Written by David Adams
December 2012

David Adams explains how European pension funds are utilising cash for their investment portfolios

Maybe you’re much more socially successful than me, but have you ever been at a party and felt as if you’re the person other people talk to while they’re waiting for someone more interesting to come along? If cash were at a party for asset classes I suspect that’s exactly how it would feel. Cash is the fall-back option, the safe space to which investors retreat when other asset classes are swamped by risk and volatility. It is patronised by those who would suggest investing in more exciting things; seen as the equivalent of keeping your money under the mattress or burying it in the garden. But in reality cash is often a very useful investment tool for pension funds; and it can be used in surprisingly complex ways.

The level of cash allocations among European pension funds rises and falls as financial conditions fluctuate. In the UK, for example, sales into cash funds increased by 28 per cent between the first and second quarters of 2012, up 100 per cent on Q2 2011; then fell back again in the third quarter as investors turned back to equities, property and fixed income (figures from Skandia UK). Overall, though, the longer-term trend in pension funds using cash is curving upwards.

HSBC Global Asset Management UK institutional director Stuart White declares: “We’re seeing more interest in cash as an asset class within pensions. Post-crisis there has been some rebalancing of portfolios and more risk aversion. You’ve probably got two elements: one is the operat-ing cash holding within the scheme – working capital and rebalancing cash – then you have the cash colla-teral associated with LDI [Liability Driven Investment] implementation. The best investment managers will look at both.”

The underlying principles for using cash are unchanged: preservation of capital in a liquid form which will also generate some return. “It is very difficult in the current environment to get invested safely, be diversified and retain a liquid portfolio,” says BlackRock global chief operating officer and head of international cash Mark Stockley. “Net yields on government vehicles are around zero basis points in euros and dollars. The focus among trustees and investment managers is very much on avoiding risks and trying to maintain a small positive return.”

Mercer investment consulting associate Lewis Emmons sees the increasing willingness to consider cash being driven by a number of different factors, including risk reduction and hedging for LDI. Cash funds can also be useful during periods when pension fund invest-ment portfolios are about to be repositioned for a new strategy.

“Up until 2008 many assumed that everything called cash was liquid and gave very little thought to investing in so-called enhanced cash funds which often took a lot of term and credit risk,” says Emmons. “Post-2008 that changed and investors sought safety at the most risk-free end of the spectrum. Enhanced cash funds were dropped from pension portfolios and ceased to be used as Libor-generating vehicles for LDI strategies. The focus switched to the preservation of principal and liquidity.”

But then, he continues, the euro crisis created new challenges. “Chief among these has been a fall in yields to ultra low and even negative levels as a result of the central bank’s accommodative monetary policies and investor flight to quality. We believe that smaller schemes with lower governance budgets are more likely to tolerate this, whereas larger more sophisticated schemes may look to take on more term and credit risk through separate accounts in order to receive more competitive returns.” Or, indeed, any returns at all.

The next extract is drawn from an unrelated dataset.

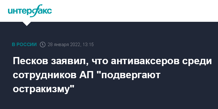 Песков заявил, что антиваксеров среди сотрудников АП "подвергают остракизму"

Stockley says one big ongoing challenge for his team is managing euro-denominated cash vehicles and cash investment strategies for clients, because of the difficulty of generating a return. So investors are looking at using cash in different ways. “You have seen cash emerge as a more specialised asset class,” says Stockley. “[Pension funds] will look to have that managed by a specialist cash manager. Pension funds are having to consider looking at enhanced cash, cash plus, or bond-type plans, to ensure they get a better return.”

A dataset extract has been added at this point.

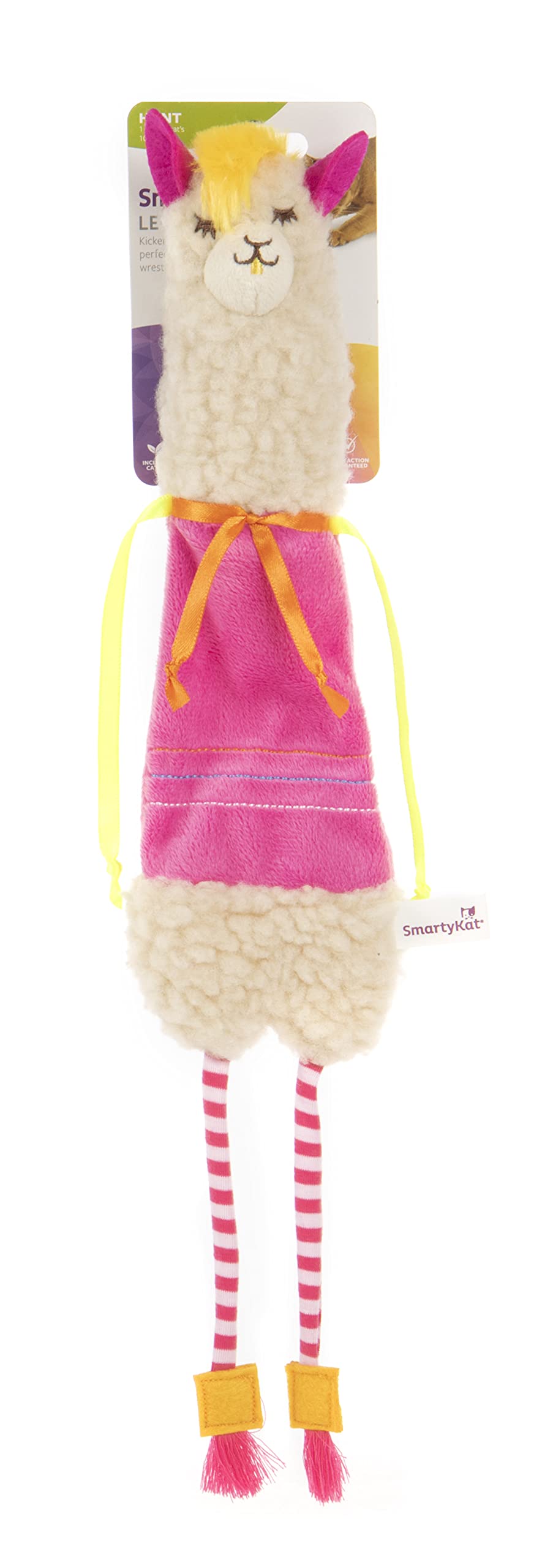 SmartyKat Leggy Llama Kicker Plush will spark your cat’s hunting instinct. With soft fleece and crinkle sounds that cat’s love to knead and pounce, along with an under-stuffed, soft, floppy body with long dangly legs, this toy is designed to withstand your kitty's instinctual 'bunny kicks'. Kicker toys are an outlet for one of your cat’s first playful behaviors. Kittens often wrestle and kick with their litter mates; it’s a comforting and enjoyable play style. Multi-textured with catnip, this toy will satisfy your cat’s hunting and kicking instinct. Works as a solo toy, or toss and dangle for interactive fun. SmartyKat toys, beds and scratchers are designed to meet the needs of your cat: Exercise, Hunt, Stimulation, Interaction, Scratch and Comfort without forgetting about FUN! Kids and pets often share the same space in the home and will have access to each other’s toys. That is why we design products to meet child safety standards; ensuring kids in the home are safe, whether they are two-footed or four-pawed! We utilize recycled and sustainable materials wherever possible. Please read all packaging instructions, warnings and cautions upon receipt. Packaging may contain small parts, discard after opening.

A growing number of pension funds are also now having to consider cash from a risk perspective in a way they did not in the past, says White, because the banking crisis has brought counterparty risk out into the open. His team has seen a growing number of corporate treasurers using money market funds, diversified across many different underlying counterparties, rather than single counterparty over-night bank deposits. Now he believes the corporate sector’s attitudes are increasingly influencing the pensions sector in the UK, via treasurers who also act as trustees. “We’ve had a couple of examples recently where a scheme has decided to conduct a search for a money market fund manager,” he says. “So risk management for cash on the corporate side has translated into prudent cash management on the pensions side.”

Meanwhile, although treating cash as a complex asset class in its own right should help investors to get the most out of it, it’s always worth remembering some of the other ways cash and currency can be used within an investment strategy, to provide diversification and additional returns.

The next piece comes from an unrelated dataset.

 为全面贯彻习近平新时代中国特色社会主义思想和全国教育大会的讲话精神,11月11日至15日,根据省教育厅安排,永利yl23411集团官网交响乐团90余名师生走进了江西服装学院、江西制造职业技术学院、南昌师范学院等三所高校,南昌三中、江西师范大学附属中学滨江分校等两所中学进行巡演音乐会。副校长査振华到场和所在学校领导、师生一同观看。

Record Currency Management CEO James Wood-Collins says its emerging markets (EM) currencies strategy is designed to generate returns based on the underlying expectation that EM currencies appreciate over time, after inflation, relative to currencies in developed markets.

Wood-Collins says Record is also working on a global currency cash approach, probably to be based on a global currency cash fund. “You want a cash investment and some diversification over your base currency, so you identify four different categories of currencies and allocate among them,” he explains. He suggests considering currencies in different categories based on their attributes: hard currencies like the Swiss franc, Norwegian krona or Singapore dollar; safe haven/risk-off currencies like the US dollar, yen, or Hong Kong dollar; ‘relative value’ currencies, including many in emerging markets in Latin America, Asia and eastern Europe; and ‘high yield’ currencies in selected emerging and developed markets such as Australia. Finally, he also suggests investors consider implementing such strategies through a combination of outright foreign cash deposits and domestic cash deposits with forward foreign exchange contracts on top.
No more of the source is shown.